In [None]:
# !pip uninstall -y scikit-learn
# !pip install scikit-learn==1.3.1

In [None]:
# ! pip install --upgrade pip
# ! pip install --user xgboost seaborn
# ! pip install --user bayesian-optimization

In [None]:
# import mplhep
import sys

import seaborn as sns

import numpy as np
import pandas as pd
import uproot
from matplotlib import pyplot as plt

from sklearn.datasets import make_classification,make_regression
from sklearn.ensemble import GradientBoostingClassifier
from sklearn.metrics import auc,roc_curve,confusion_matrix,classification_report,precision_recall_curve,mean_squared_error,accuracy_score,roc_auc_score
from sklearn.model_selection import GridSearchCV, cross_validate, validation_curve,train_test_split,KFold,learning_curve,cross_val_score
from sklearn.utils import compute_sample_weight
from scipy.stats import ks_2samp

import xgboost
from xgboost import XGBClassifier

from sklearn.model_selection import RandomizedSearchCV

from scipy.stats import randint, uniform

In [None]:
plt.rcParams.update({
    "axes.labelsize": 16,
    "xtick.labelsize": 12,
    "ytick.labelsize": 12,
    "legend.fontsize": 14,
    "figure.titlesize": 20
})

In [None]:
pd.set_option('display.max_rows', 200000)
pd.set_option('display.max_columns', 200000)

In [None]:
sys.path.append("/home/belle2/amubarak/Ds2D0enue_Analysis/07-Python_Functions/")

# Prep-Work

### Import Data

Incorrect Charge
- This is the only sample that has the $D^{0}$ tree now. It should not matter to save it for the other control samples or the other samples in general

In [None]:
import os
import pandas as pd
import uproot
from tqdm import tqdm

# === Configuration ===
DataFrames = {}
samples_WCh = [
    "Signal_WCh", "BB_WCh", "ccbar_WCh", "ddbar_WCh",
    "ssbar_WCh", "taupair_WCh", "uubar_WCh", "Data_WCh"
]
Date_WCh = "0630"
Attempt_WCh = "0"

# === Load one sample at a time ===
for sample in tqdm(samples_WCh, desc="Loading WCh samples"):
    if sample == "Signal_WCh":
        path = "/home/belle2/amubarak/C01-Simulated_Events/Ds2D0enu-Signal_WCh.root:D02kmpiptree"
    else:
        path = f"/group/belle/users/amubarak/02-Grid/Sample_Grid_WCh/Ds2D0e-Generic_Ds_{Date_WCh}25_{Attempt_WCh}_{sample}.root:D02kmpiptree"

    try:
        df = uproot.concatenate(path, library='pd')
        DataFrames[sample] = df
        print(f"✔️ Loaded: {path} [{len(df):,} entries]")
    except Exception as e:
        print(f"❌ Failed: {sample} — {e}")

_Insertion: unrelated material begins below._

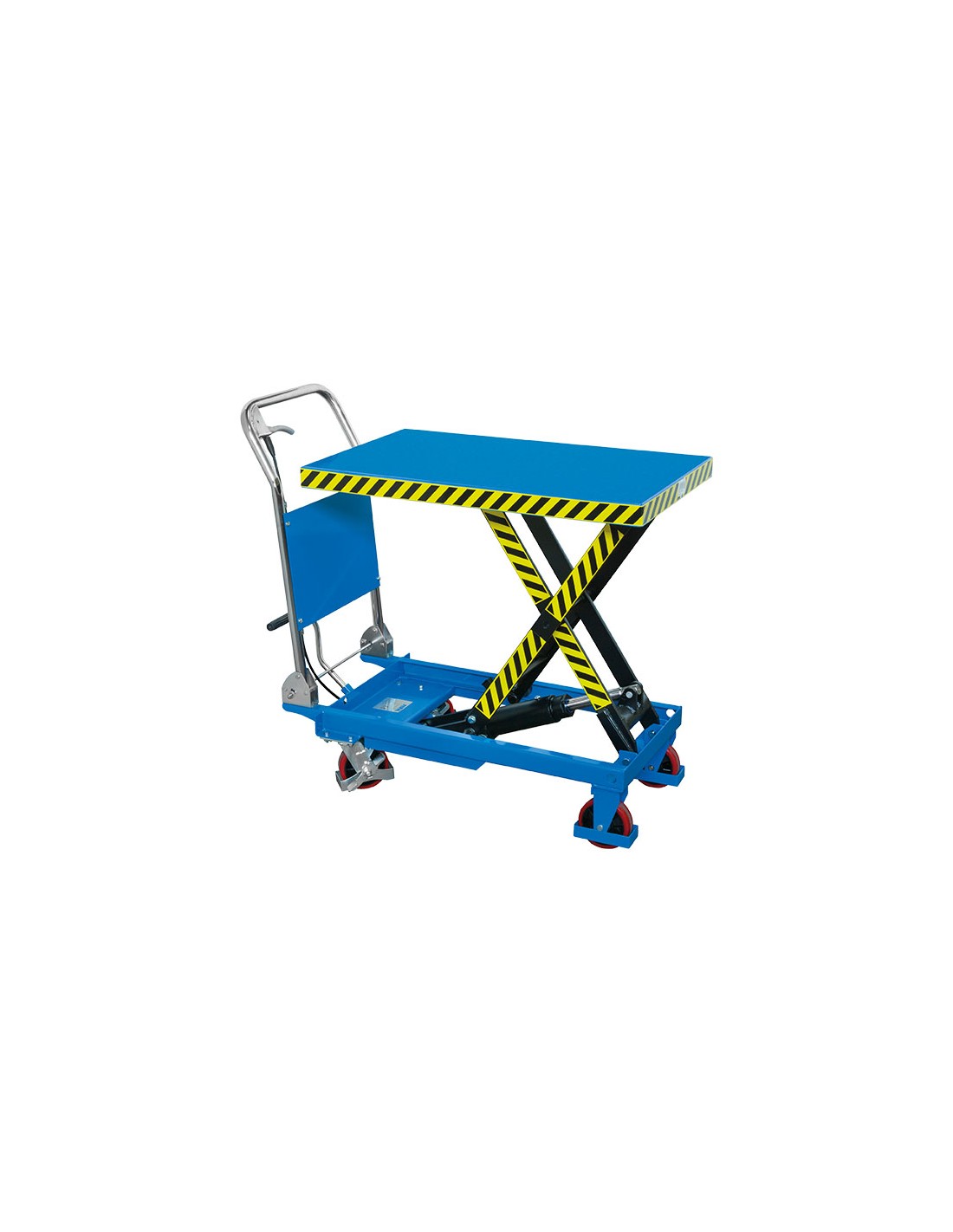 A pantografo con maniglia ripiegabile, dotato di sistema di bloccaggio meccanico della piattaforma e ruote pivotanti frenate
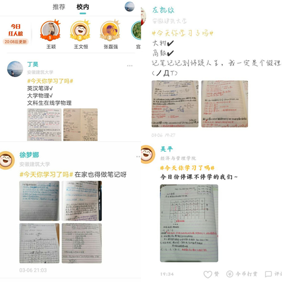 活动以今日校园APP中设置的“今天你学习了吗”话题下进行打卡,晒出自己居家时期每日上网课的笔记和作业。通过丰富的打卡形式,包括视频打卡、照片打卡、APP打卡等,辅之老师们的及时引导、解惑、答疑,既可以增加学生间的相互交流和学习,同时也可督促学生养成做笔记的好习惯。笔记分享实现了知识的“云共享”,同时又能对笔记中存在问题的地方及时进行讨论,达到优势互补,共同进步的效果。

# === Combine wrong-charge backgrounds ===
background_WCh = ["BB_WCh", "ccbar_WCh", "ddbar_WCh", "ssbar_WCh", "taupair_WCh", "uubar_WCh"]
DataFrames["All_WCh"] = pd.concat([DataFrames[s] for s in background_WCh], ignore_index=True)
DataFrames["uds_WCh"] = pd.concat(
    [DataFrames[s] for s in ["uubar_WCh", "ddbar_WCh", "ssbar_WCh"]],
    ignore_index=True
)

The line below is to look at the available variables.

In [None]:
print(DataFrames.keys())

In [None]:
DataFrames["All_WCh"].columns.tolist()

### Setup
The code below will be used to apply cuts to the data.  
The range of the plots.

In [None]:
# Electron ID
#-------------------
# DataFrames["Signal"] = DataFrames["Signal"][DataFrames["Signal"]['e_electronID']>=0.95]
# DataFrames["ccbar"] = DataFrames["ccbar"][DataFrames["ccbar"]['e_electronID']>=0.95]
# DataFrames["Signal"] = DataFrames["Signal"][DataFrames["Signal"]['Ds_gammaveto_em_electronID']>=0.95]
# DataFrames["ccbar"] = DataFrames["ccbar"][DataFrames["ccbar"]['Ds_gammaveto_em_electronID']>=0.95]

# Photon Conversion
#-------------------
# DataFrames[samples[0]] = DataFrames[samples[0]][DataFrames[samples[0]]['Ds_gammaveto_M_Correction']>=0.1]
# DataFrames[samples[1]] = DataFrames[samples[1]][DataFrames[samples[1]]['Ds_gammaveto_M_Correction']>=0.1]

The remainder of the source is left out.